Comerica Incorporated, (
Q3 2010 Earnings Call
October 20, 2010 08:00 a.m. ET
Darlene Persons - Director of Investor Relations
Ralph Babb - Chairman and Chief Executive Officer
Beth Acton – Chief Financial Officer
John Killian - EVP and Chief Credit Officer
Dale Greene - EVP of Business Bank
Ken Zerbe - Morgan Stanley
Steven Alexopaulos – JP Morgan
Brian Klock - KBW
Brett Robison -- Stern Agee
John Pancary -- Evercore Partners
Terry McElvoy – Oppenheimer
Gary Tennor – BA Davidson
Previous Statements by CMA
» Comerica Incorporated Q2 2010 Earnings Call Transcript
» Comerica Incorporated Q1 2010 Earnings Call Transcript
» Comerica Incorporated Q4 2009 Earnings Call Transcript
» Comerica Incorporated Q3 2009 Earnings Call Transcript
Good morning, my name is Alicia and I will be your conference operator today. At this time I would like to welcome everyone to the Comerica’s third quarter 2010 earnings conference call.
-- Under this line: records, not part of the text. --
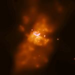This is a composite image made from three satellite observation projects. Visible aspects of the galaxy were taken by the HST. It is also shown in invisible infrared and X-ray spectrums: Spitzer photographed it in infrared, which shows dust emission, and Chandra photographed it in X-ray (showing mostly synchrotron emissions from fast electrons). The X-ray emission is shown in the blue parts.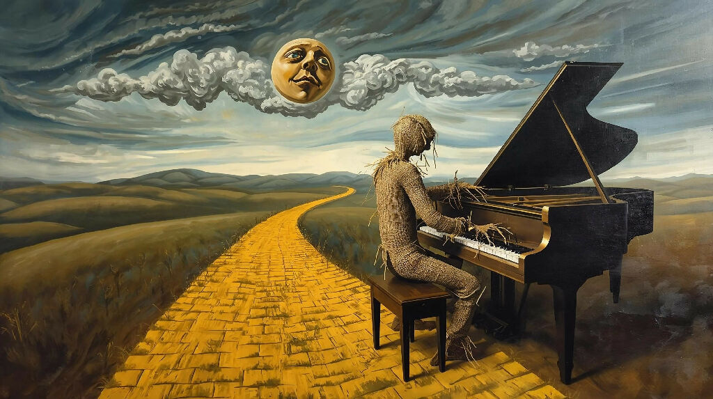Surreal tribute to the Elton John classic Goodbye Yellow Brick Road with a scarecrow playing the piano and a solemn sun in the sky.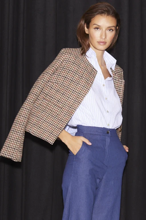 The Lu jacket, a classic piece reissued in the perfect brown houndstooth 100% pure new wool tweed. Ideal as an outer jacket or to wear it as a main piece. An essential design that you will keep forever.
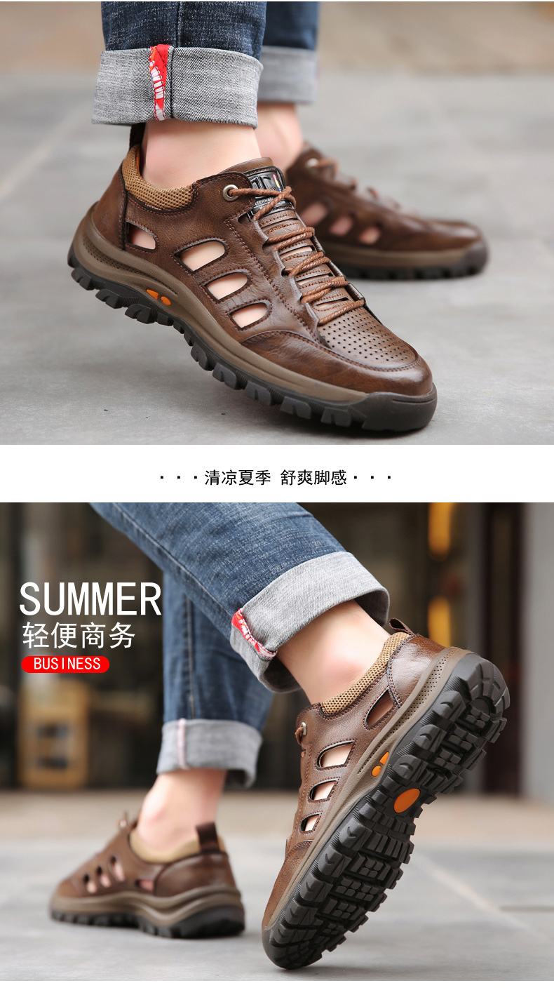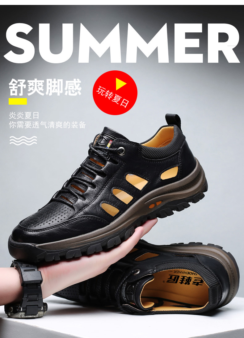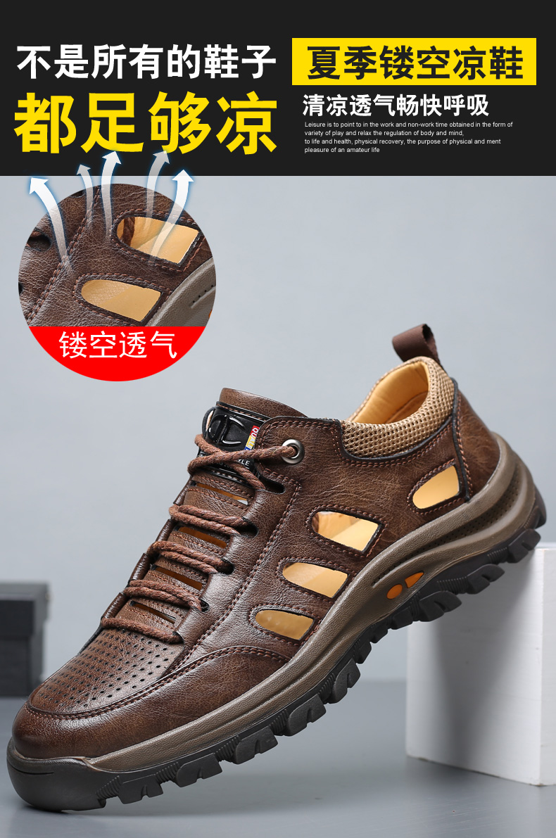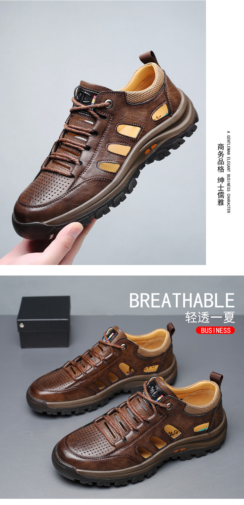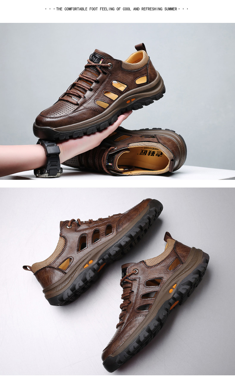 Your location:homeSHOESMITHOld Cobbler Men's Leather Sandals - 2022 Summer New Outdoor Breathable Perforated Casual Leather Shoes with Closed Toe
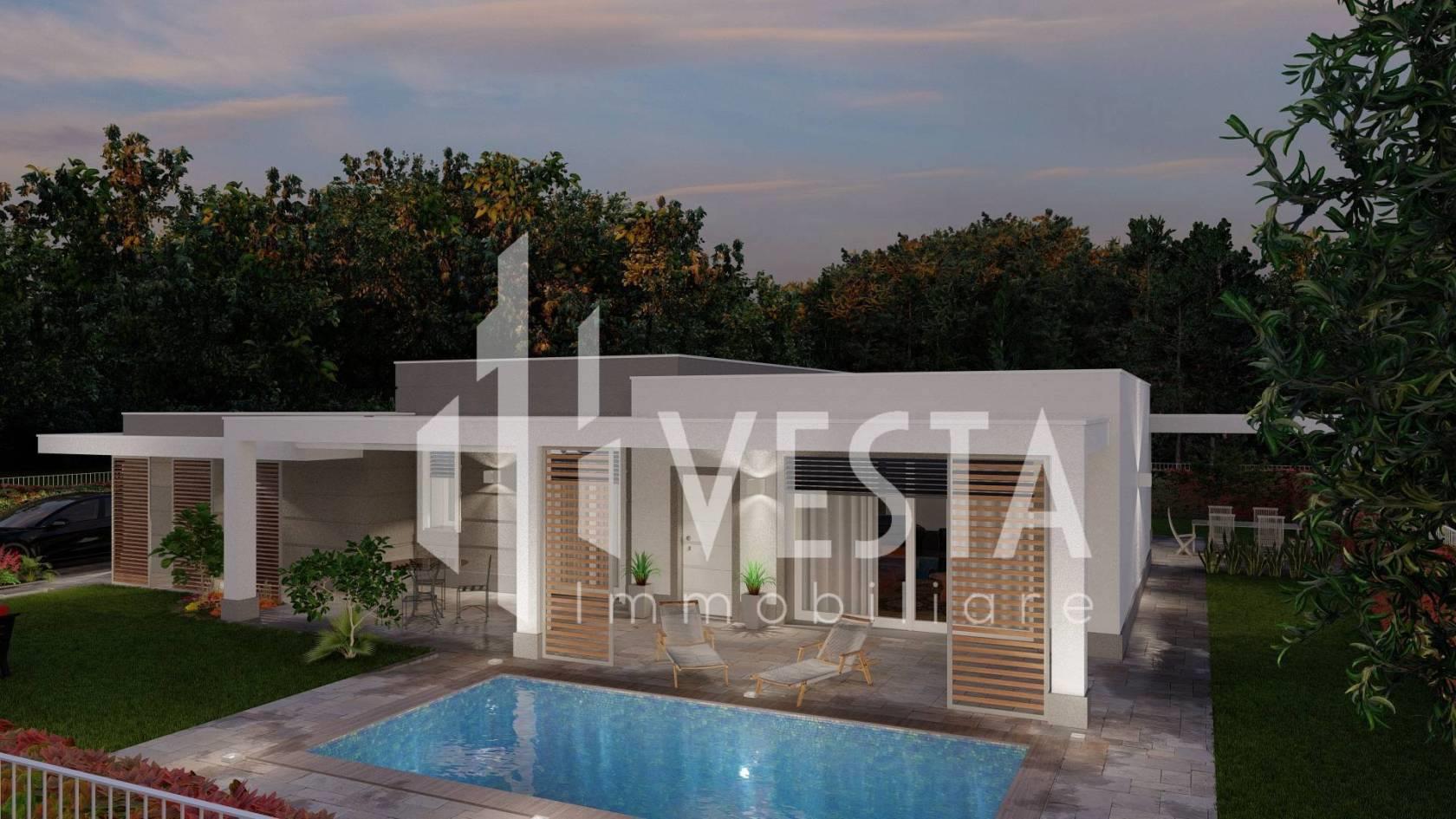 La Villa è concepita con uno stile elegante, dal design moderno, raffinato e funzionale, disposta su un unico livello abitativo con giardino privato di c.a 812mq con possibilità di progettare e realizzare la piscina di ca. mt. 5x3 (opzionale), le finiture interne sono a scelta e personalizzabili dell'acquirente da prestigioso capitolato (porte, pavimenti, rivestimenti, sanitari, rubinetterie,placche). Gli spazi sono sapientemente distribuiti; Tramite il portico coperto accediamo all'ingresso che si apre su un'ampia e luminosa zona living con zona pranzo caratterizzata da grandi vetrate scorrevoli, adiacente, una comoda cucina abitabile, il disimpegno ci introduce nella zona notte dove ci accolgono tre ampie camere tutte con uscita sul portico e giardino, di cui una matrimoniale, due bagni finestrati con sanitari sospesi, doccia e termoarredo oltre ed una comoda lavanderia.

All lines have been placed on mute to prevent any background noise. After the speaker’s remarks there will be a question-and-answer session. (Operator Instructions). Thank you.
I would now like to turn the call over to Miss Darlene Persons, please go ahead, Ma’am.
Thank you, Alicia. Good morning, and welcome to Comerica’s third quarter 2010 earnings conference call. Participating on this call will be our Chairman Ralph Babb; our Chief Financial Officer, Beth Acton; our Chief Credit Officer, John Killian; and Dale Greene, Executive Vice President of the Business Bank.
A copy of our press release and presentation slides are available on the SEC’s website, as well as on the investor relations section of our website. Before we get started, I would like to remind you that this conference call contains forward-looking statements, and in that regard, you should be mindful of the risks and uncertainties that can cause future results to vary from expectations.
Forward-looking statements state only as of the date of this presentation and we undertake no obligation to update any forward-looking statements. I refer you to the Safe Harbor Statement contained in the release issued today, as well as slide two of this presentation which I incorporate into this call as well as our filings with the SEC. Also, this conference call will reference non-GAAP measures, in that regard, I will direct you to the reconciliation of these measures within this presentation. Now, I’ll turn the call over to Ralph.
Good morning. Today we reported Q3 net income of $59 million or $0.33 per share. Q3 total revenue was down 4% from the second quarter, primarily driven by a decrease in average loans, and lower fee income from customer activities. In this sluggish and still uncertain economic environment, our customers have remained understandably cautious. This is reflected in the weak loan demand and continued strong core deposit levels. Our solid capital and liquidity position enabled us to fully redeem our trust preferred securities on October 1, which will reduce interest expense.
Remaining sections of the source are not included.